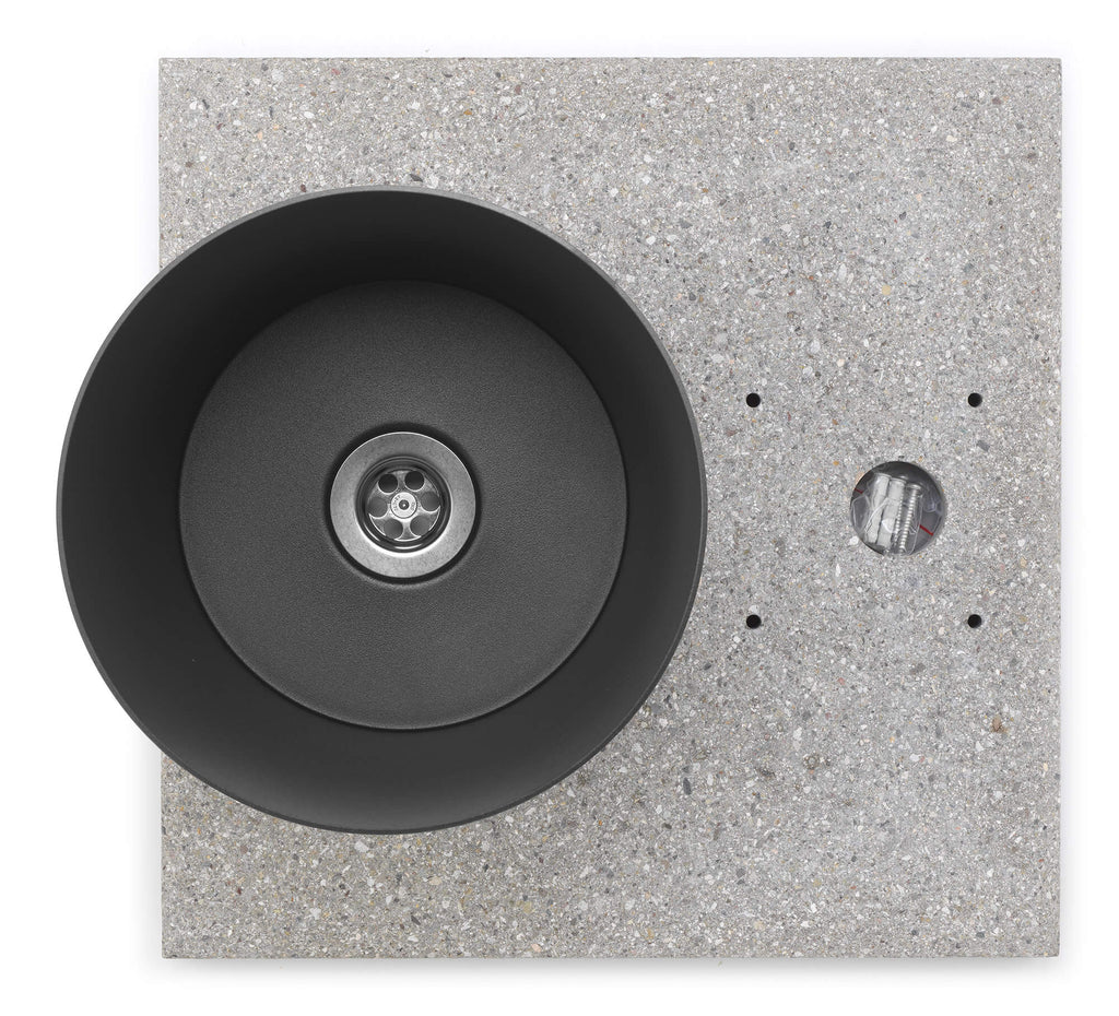 Base en granulats de ciment avec plateau peint avec drain. Pour fontaines à grand anneau (toutes sauf 42/PS, 42/SR et 42/PSI). Complet avec vis et chevilles.
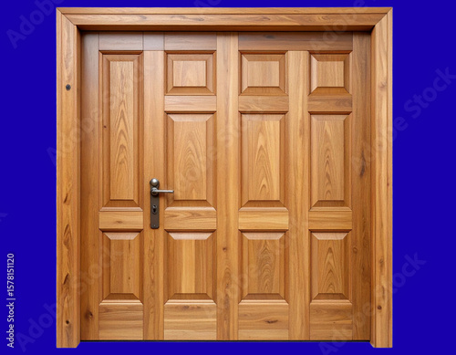 Traditional Oak Wooden Door with Six Rectangular Panels, Front View on White Background
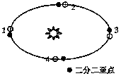 (3)地球公转轨道为近似?的轨道,地球运行到图中 ?点时(填字母), 接近远日点位置,其公转速度?。
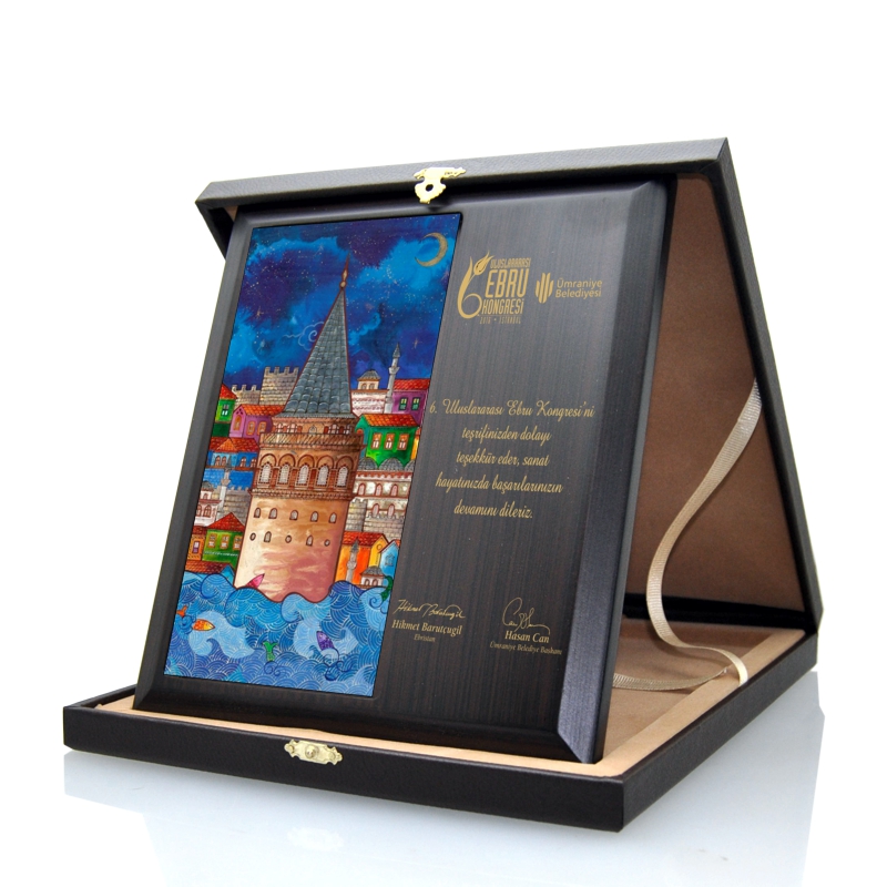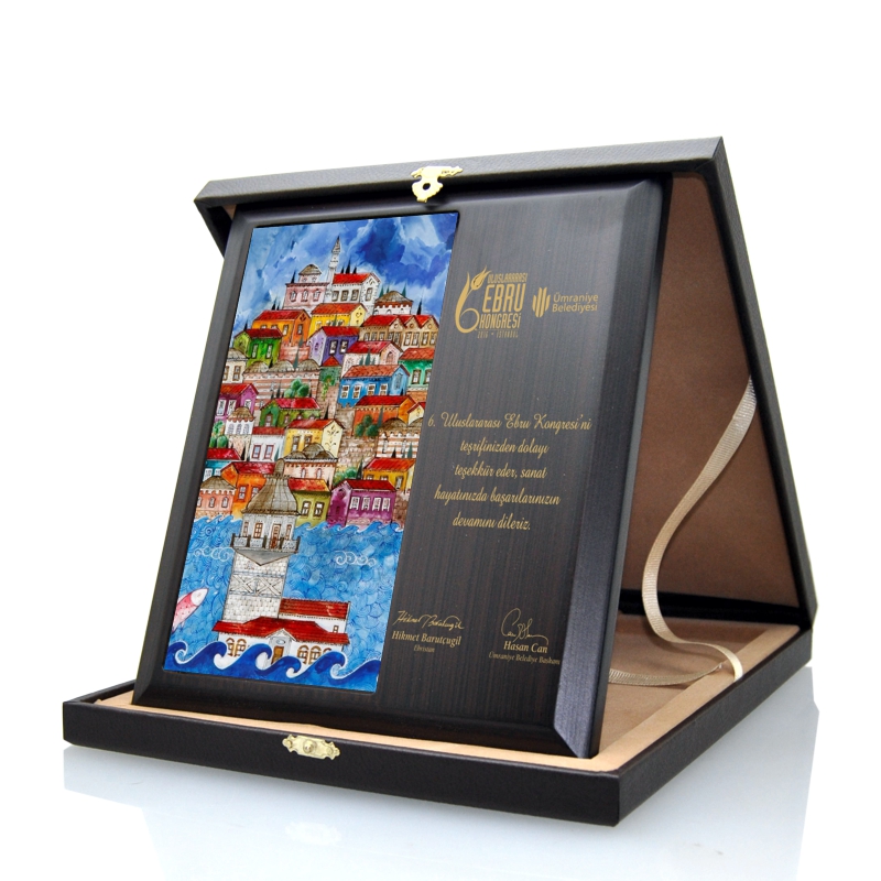ÇİNİLİ PLAKET BASKI ŞEKLİ MALZEMESİ Çinili plaket; deri kutulu maun boyalı kabartma çini desenli lazer kazımalı olarak yap

- Task directions
An exact transcript is required, covering the lines from the one containing "Traditional Oak Wooden" through the end of the listing above, inclusive, without pictures.

- Exercise solution
 Traditional Oak Wooden Door with Six Rectangular Panels, Front View on White Background
 (3)地球公转轨道为近似?的轨道,地球运行到图中 ?点时(填字母), 接近远日点位置,其公转速度?。
ÇİNİLİ PLAKET BASKI ŞEKLİ MALZEMESİ Çinili plaket; deri kutulu maun boyalı kabartma çini desenli lazer kazımalı olarak yap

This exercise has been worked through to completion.